_The problem_: Please copy the entries below word for word, leaving out any image.

**** Dataset records ****

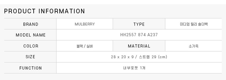 #리본즈코리아 #HH2557874A237 #[명품] #멀버리 #HH2557 #874 #A237 #릴리 #그레인 #미디움 #체인 #크로스백 #여성 #가방/핸드백 #크로스/메신저백
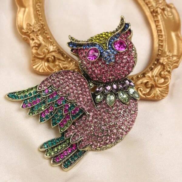 Vintage Court Style Classic Unisex Owl Crystal Heavy Industry Brooch And Baroque Animal Design Rhinestone Badge For Dress, Accessories, Jewelry Gifts
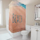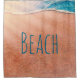 Sandstrand mit blauen Meereswellen. Küstenmeer Wassersport-Thema Bad Dusche Vorhänge. Schöne, tropisch Sommerferien Wohngestaltung. Chic, trendig, modern, elegant, cooles Reisedesign. Typografie kann individuell angepasst werden. Bildrecht Marg Seregelyi Fotografie.
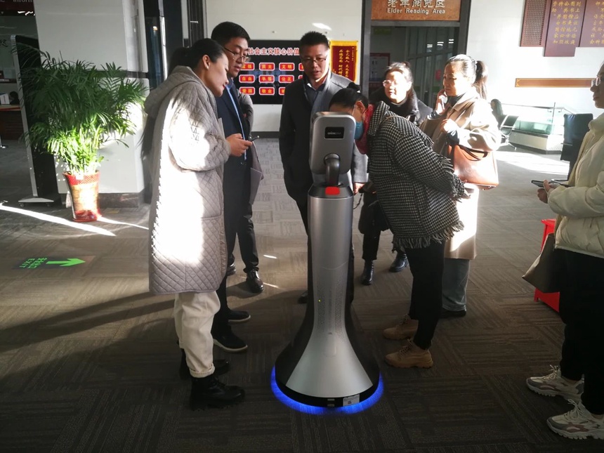 “你好,请带我到老年图书区。”“请跟我走。”在智能机器人的带领下,便捷快速地找到了老年图书区。
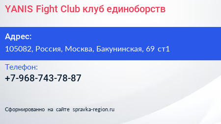 YANIS Fight Club, клуб единоборств по адресу 105082, Россия, Москва, Бакунинская, 69 ст1 в дальнейшем Организация, размещена в следующих категориях:
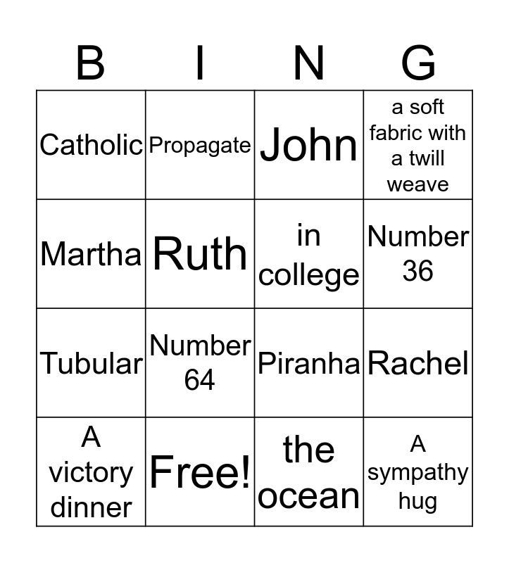 This bingo card has 24 words: Are You a Hindu?, Buddhism, Number 36, Number 59, Martha, Catholic, Ruth, Propagate, Free!, Duvetyn, Tubular, Piranha, ISKCON, ashtray, in college, the park, the ocean, John, Number 64, Rachel, A victory dinner, A sympathy hug, a soft fabric with a twill weave and maybe not this year....
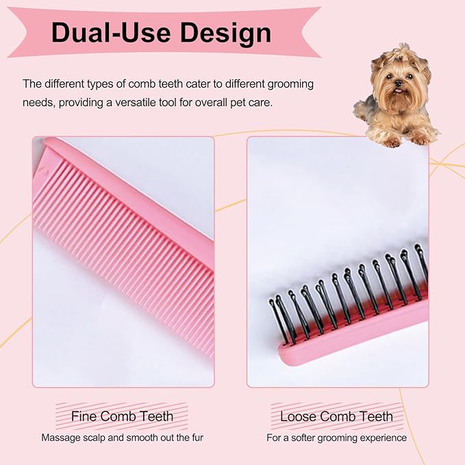 - Dual-Use Design: This foldable grooming comb features two different types of comb teeth on each end - one end with dense teeth for detangling and massaging, and the other end with sparse teeth for a softer grooming experience. This versatility allows you to use the comb for various grooming tasks, from brushing out tangles to massaging your pet's skin during bath time.
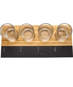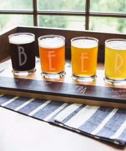 Serve and sample your local brewery’s preferred craft beers as well as international favorites with this Bamboo and Slate Craft Beer Tasting Flight. Each flight features a natural bamboo serving board with a numbered slate insert, and 4 thick-based taster glasses – laser engraved with a single, large letter on each to spell out the word “BEER”. These beer tasting sets are the perfect addition to any entertaining or barware collection.
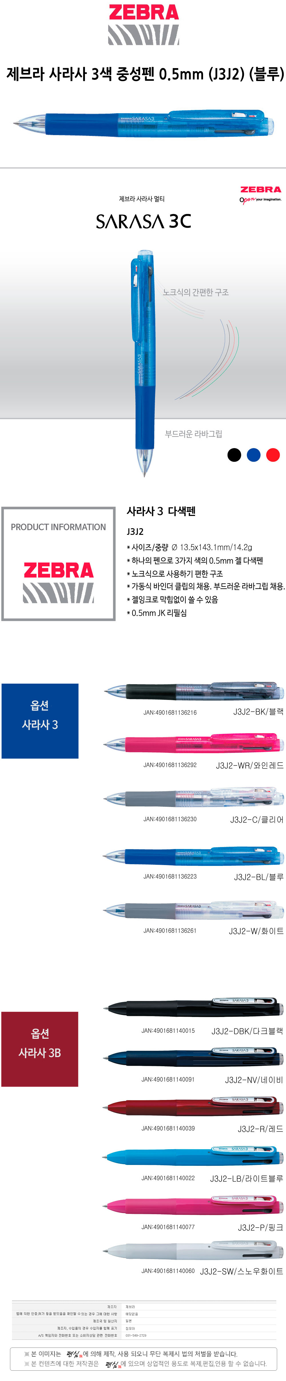 제브라 사라사 3색 중성펜 0.5mm J3J2 블루
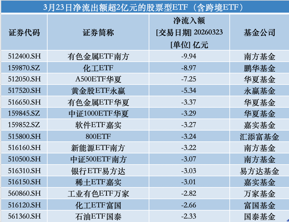 從資金流出方向觀察,有色金屬、化工主題ETF“失血”較為明顯。
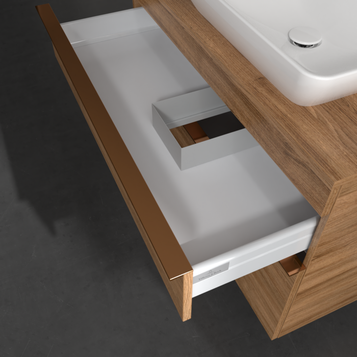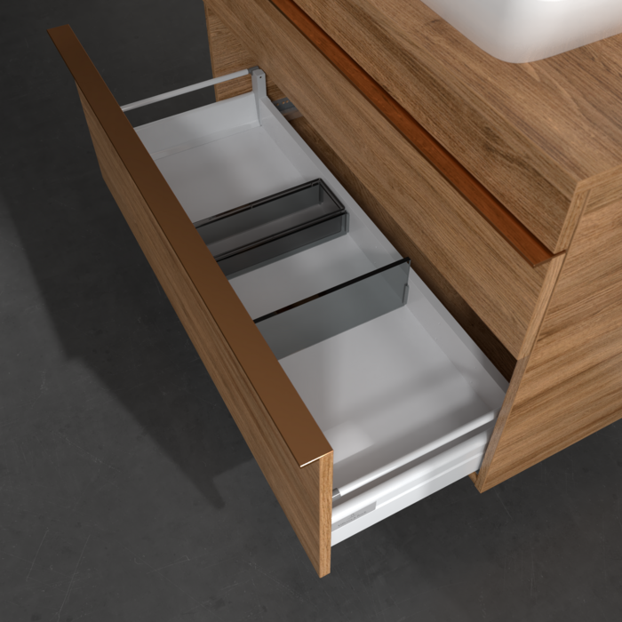 Продуманий внутрішній поділ меблів для ванної кімнати Villeroy & Boch дозволяє створити індивідуальнусистему організації простору у ванній кімнаті. Елементи, розташування яких можна змінювати, наприклад, регульовані скляні перегородки та контейнери для аксесуарів різних розмірів, забезпечують хороший огляд та порядок. Завдяки практичній системі внутрішнього поділу ви швидко знаходитимете приладдя для ванної, якими ви постійно користуєтеся.
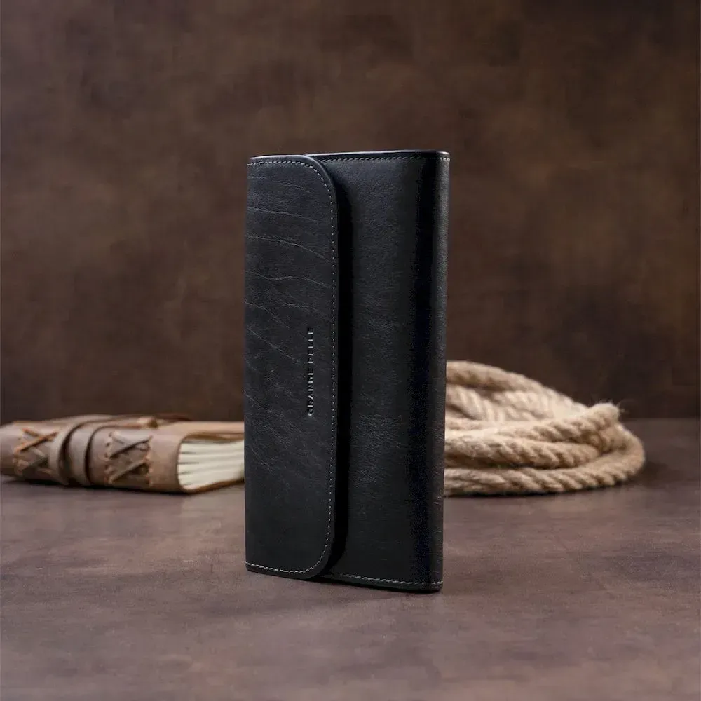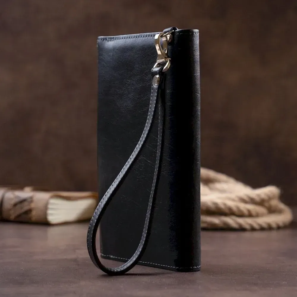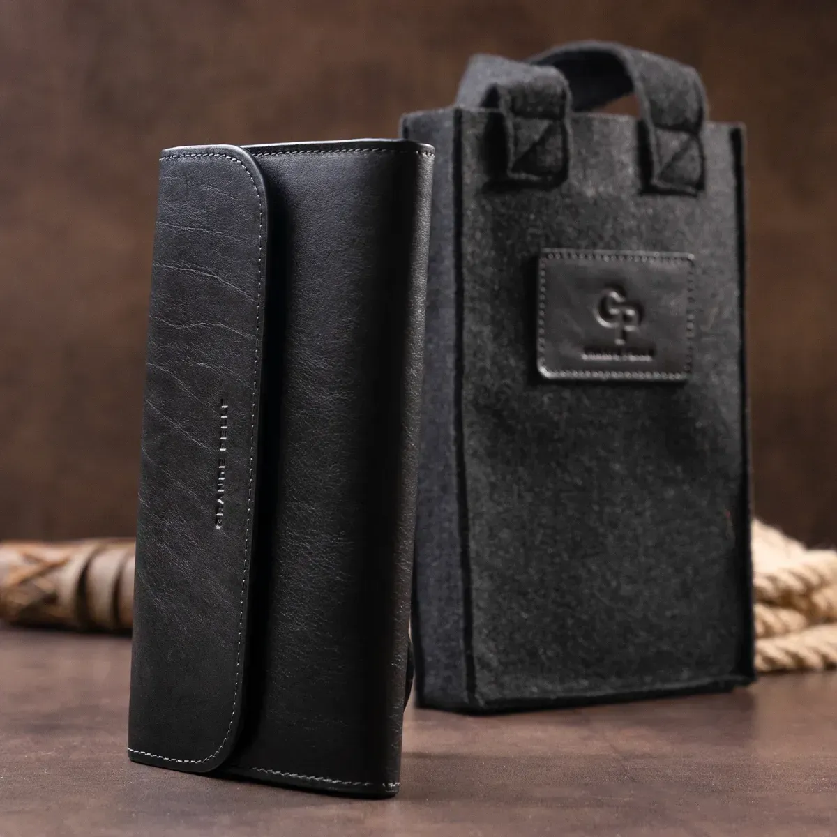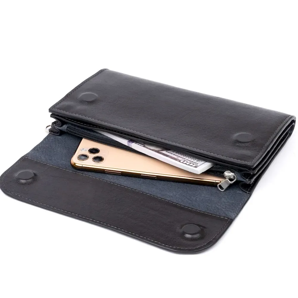 Горизонтальна барсетка-клатч чоловіча в гладкій шкірі GRANDE PELLE 11298 Чорна
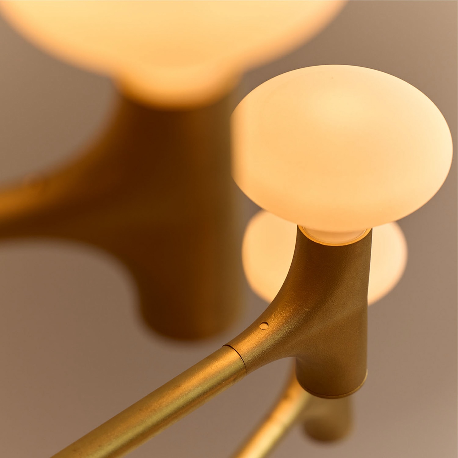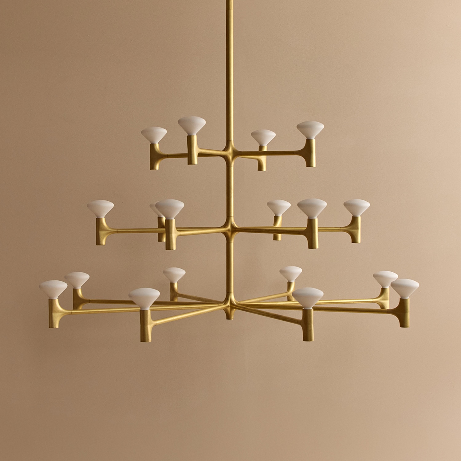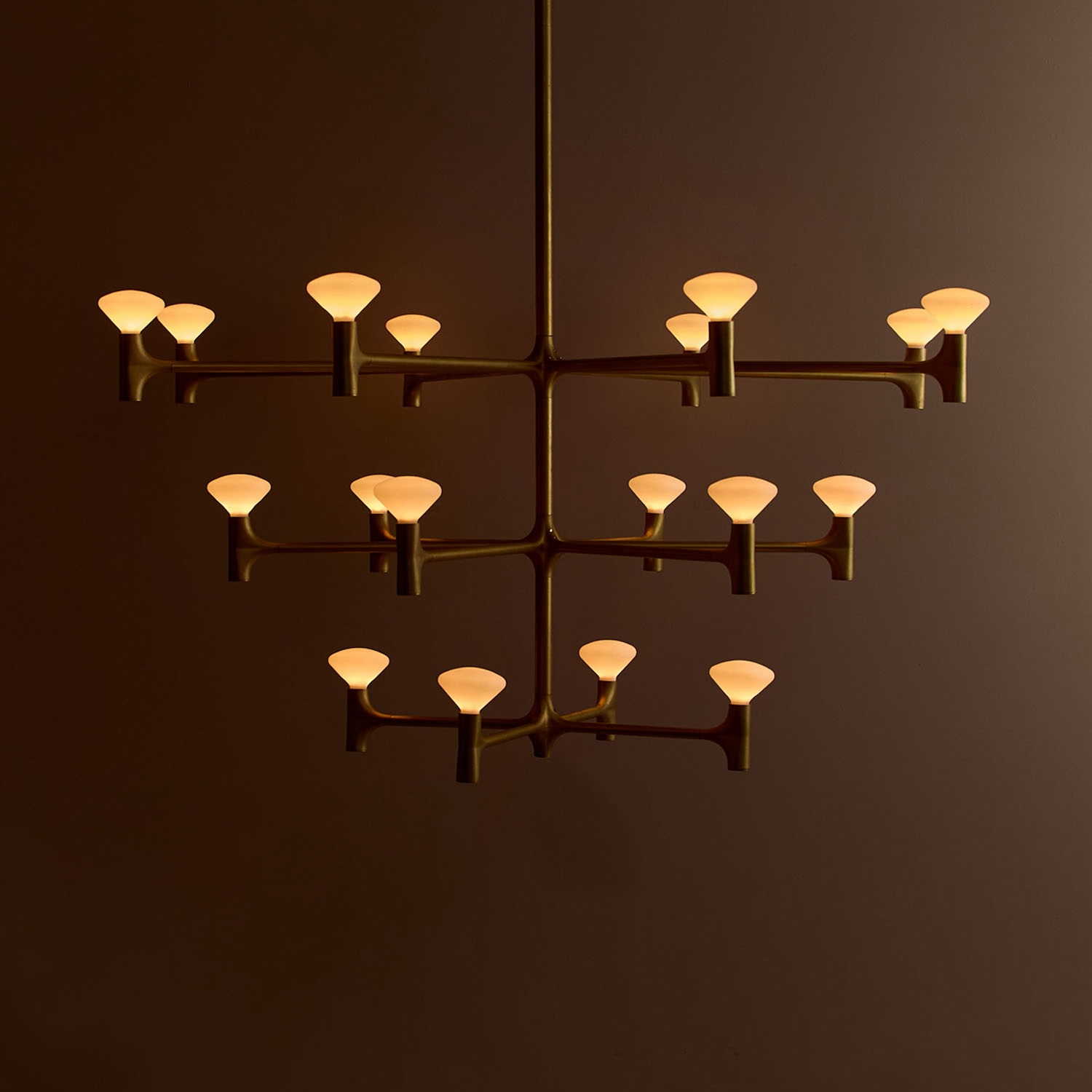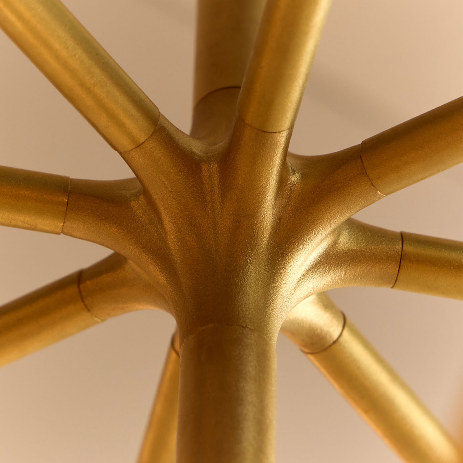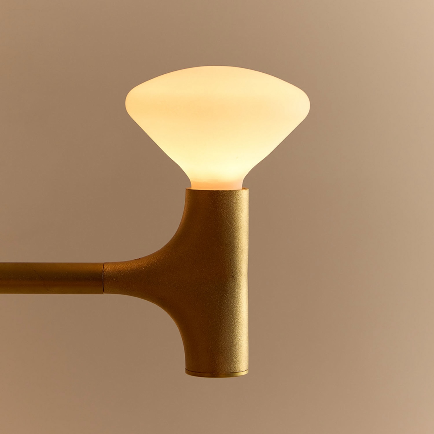 La firma británica Tala traduce los patrones de crecimiento natural en un objeto lumínico con carácter escultórico: la lámpara Root. Inspirada en la ramificación de los árboles, su estructura de latón macizo se despliega en múltiples direcciones, evocando tanto sistemas radiculares como copas abiertas, y reformulando la clásica lámpara de araña desde una lógica orgánica y contemporánea. Diseñada por Dan Carpenter, la pieza combina artesanía y adaptabilidad. Disponible en ocho configuraciones, permite distintas composiciones espaciales, desde arreglos más contenidos hasta despliegues escalonados que enfatizan su presencia como elemento central. Los difusores de vidrio lechoso, con forma de lágrima invertida, suavizan la luz y refuerzan la referencia botánica, generando una atmósfera cálida y envolvente. El acabado texturizado del latón no solo evidencia el proceso de fabricación, sino que aporta singularidad a cada pieza, alejándola de la producción estandarizada. Root no se limita a iluminar: construye una experiencia espacial donde la luz, la forma y la materialidad dialogan, proponiendo un objeto que evoluciona con su entorno y redefine la relación entre diseño y naturaleza.
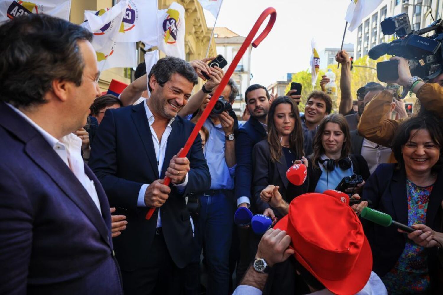 O calendário da semana da Queima das Fitas do Porto estipula que terça-feira é dia de cortejo dos estudantes da academia e, como este ano, se misturou com o calendário da campanha, o líder do Chega cruzou-se com alguns finalistas, que levavam a tradicional cartola na cabeça e a bengala na mão.
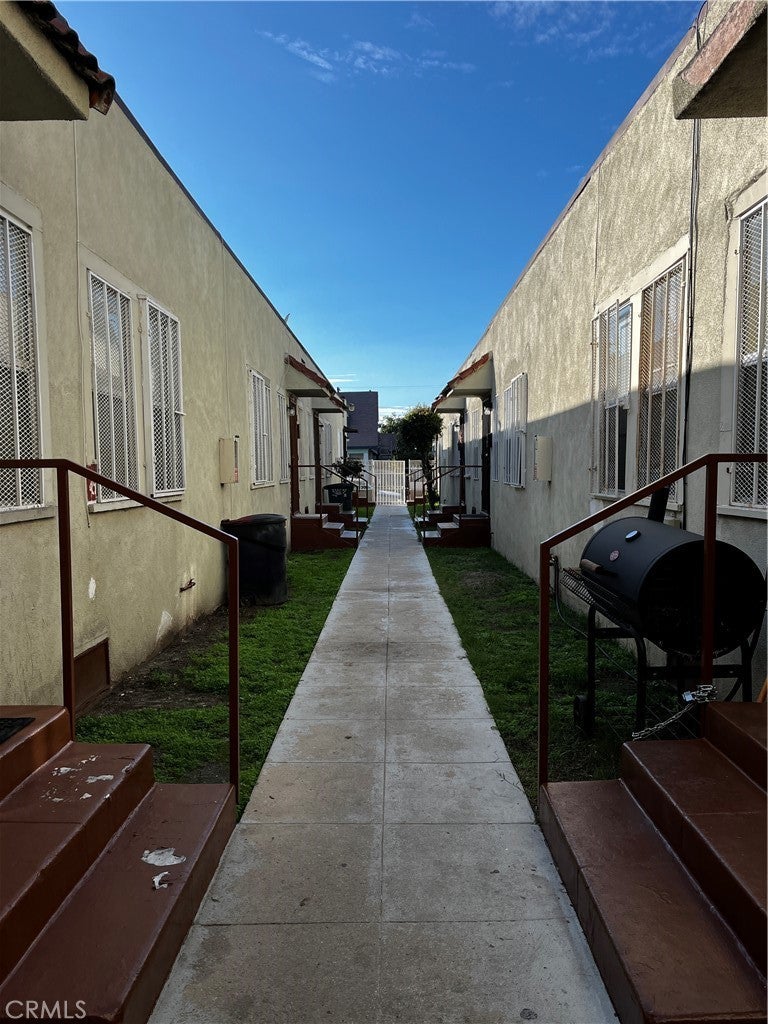 FOR RENT! Remodeled and Unfurnished Apartment in Secured Gated Complex. Single Story End Unit means no one above or below you! Livingroom Entry! Bright and Sunny Kitchen with Tile Floors, Stainless Steel Sink, Stove and Refrigerator Included! Spacious One Bedroom with Raised Panel Doors, New Carpet, Ceiling Fan, Water Heater and Huge Walk-in Closet! Solid Core Front Door with Security Screen Door and Security Windows. Tiled Bath with Safety Grab Bars in Shower over Tub! Section 8 Welcome! Water & Trash included. Tenant pays gas and electric. Street parking. Laundry facilities to be installed in June 2026! Don't miss this opportunity to live in a secure and modern apartment within Walking distance to Normandie Ave. School, library, parks, shopping, and transportation! ONE YEAR LEASE WITH ONE MONTH FREE RENT AT END OF LEASE!!!!!!

****

_Result_:
 #리본즈코리아 #HH2557874A237 #[명품] #멀버리 #HH2557 #874 #A237 #릴리 #그레인 #미디움 #체인 #크로스백 #여성 #가방/핸드백 #크로스/메신저백
 Vintage Court Style Classic Unisex Owl Crystal Heavy Industry Brooch And Baroque Animal Design Rhinestone Badge For Dress, Accessories, Jewelry Gifts
 Sandstrand mit blauen Meereswellen. Küstenmeer Wassersport-Thema Bad Dusche Vorhänge. Schöne, tropisch Sommerferien Wohngestaltung. Chic, trendig, modern, elegant, cooles Reisedesign. Typografie kann individuell angepasst werden. Bildrecht Marg Seregelyi Fotografie.
 “你好,请带我到老年图书区。”“请跟我走。”在智能机器人的带领下,便捷快速地找到了老年图书区。
 YANIS Fight Club, клуб единоборств по адресу 105082, Россия, Москва, Бакунинская, 69 ст1 в дальнейшем Организация, размещена в следующих категориях:
 This bingo card has 24 words: Are You a Hindu?, Buddhism, Number 36, Number 59, Martha, Catholic, Ruth, Propagate, Free!, Duvetyn, Tubular, Piranha, ISKCON, ashtray, in college, the park, the ocean, John, Number 64, Rachel, A victory dinner, A sympathy hug, a soft fabric with a twill weave and maybe not this year....
 - Dual-Use Design: This foldable grooming comb features two different types of comb teeth on each end - one end with dense teeth for detangling and massaging, and the other end with sparse teeth for a softer grooming experience. This versatility allows you to use the comb for various grooming tasks, from brushing out tangles to massaging your pet's skin during bath time.
 Serve and sample your local brewery’s preferred craft beers as well as international favorites with this Bamboo and Slate Craft Beer Tasting Flight. Each flight features a natural bamboo serving board with a numbered slate insert, and 4 thick-based taster glasses – laser engraved with a single, large letter on each to spell out the word “BEER”. These beer tasting sets are the perfect addition to any entertaining or barware collection.
 제브라 사라사 3색 중성펜 0.5mm J3J2 블루
 從資金流出方向觀察,有色金屬、化工主題ETF“失血”較為明顯。
 Продуманий внутрішній поділ меблів для ванної кімнати Villeroy & Boch дозволяє створити індивідуальнусистему організації простору у ванній кімнаті. Елементи, розташування яких можна змінювати, наприклад, регульовані скляні перегородки та контейнери для аксесуарів різних розмірів, забезпечують хороший огляд та порядок. Завдяки практичній системі внутрішнього поділу ви швидко знаходитимете приладдя для ванної, якими ви постійно користуєтеся.
 Горизонтальна барсетка-клатч чоловіча в гладкій шкірі GRANDE PELLE 11298 Чорна
 La firma británica Tala traduce los patrones de crecimiento natural en un objeto lumínico con carácter escultórico: la lámpara Root. Inspirada en la ramificación de los árboles, su estructura de latón macizo se despliega en múltiples direcciones, evocando tanto sistemas radiculares como copas abiertas, y reformulando la clásica lámpara de araña desde una lógica orgánica y contemporánea. Diseñada por Dan Carpenter, la pieza combina artesanía y adaptabilidad. Disponible en ocho configuraciones, permite distintas composiciones espaciales, desde arreglos más contenidos hasta despliegues escalonados que enfatizan su presencia como elemento central. Los difusores de vidrio lechoso, con forma de lágrima invertida, suavizan la luz y refuerzan la referencia botánica, generando una atmósfera cálida y envolvente. El acabado texturizado del latón no solo evidencia el proceso de fabricación, sino que aporta singularidad a cada pieza, alejándola de la producción estandarizada. Root no se limita a iluminar: construye una experiencia espacial donde la luz, la forma y la materialidad dialogan, proponiendo un objeto que evoluciona con su entorno y redefine la relación entre diseño y naturaleza.
 O calendário da semana da Queima das Fitas do Porto estipula que terça-feira é dia de cortejo dos estudantes da academia e, como este ano, se misturou com o calendário da campanha, o líder do Chega cruzou-se com alguns finalistas, que levavam a tradicional cartola na cabeça e a bengala na mão.
 FOR RENT! Remodeled and Unfurnished Apartment in Secured Gated Complex. Single Story End Unit means no one above or below you! Livingroom Entry! Bright and Sunny Kitchen with Tile Floors, Stainless Steel Sink, Stove and Refrigerator Included! Spacious One Bedroom with Raised Panel Doors, New Carpet, Ceiling Fan, Water Heater and Huge Walk-in Closet! Solid Core Front Door with Security Screen Door and Security Windows. Tiled Bath with Safety Grab Bars in Shower over Tub! Section 8 Welcome! Water & Trash included. Tenant pays gas and electric. Street parking. Laundry facilities to be installed in June 2026! Don't miss this opportunity to live in a secure and modern apartment within Walking distance to Normandie Ave. School, library, parks, shopping, and transportation! ONE YEAR LEASE WITH ONE MONTH FREE RENT AT END OF LEASE!!!!!!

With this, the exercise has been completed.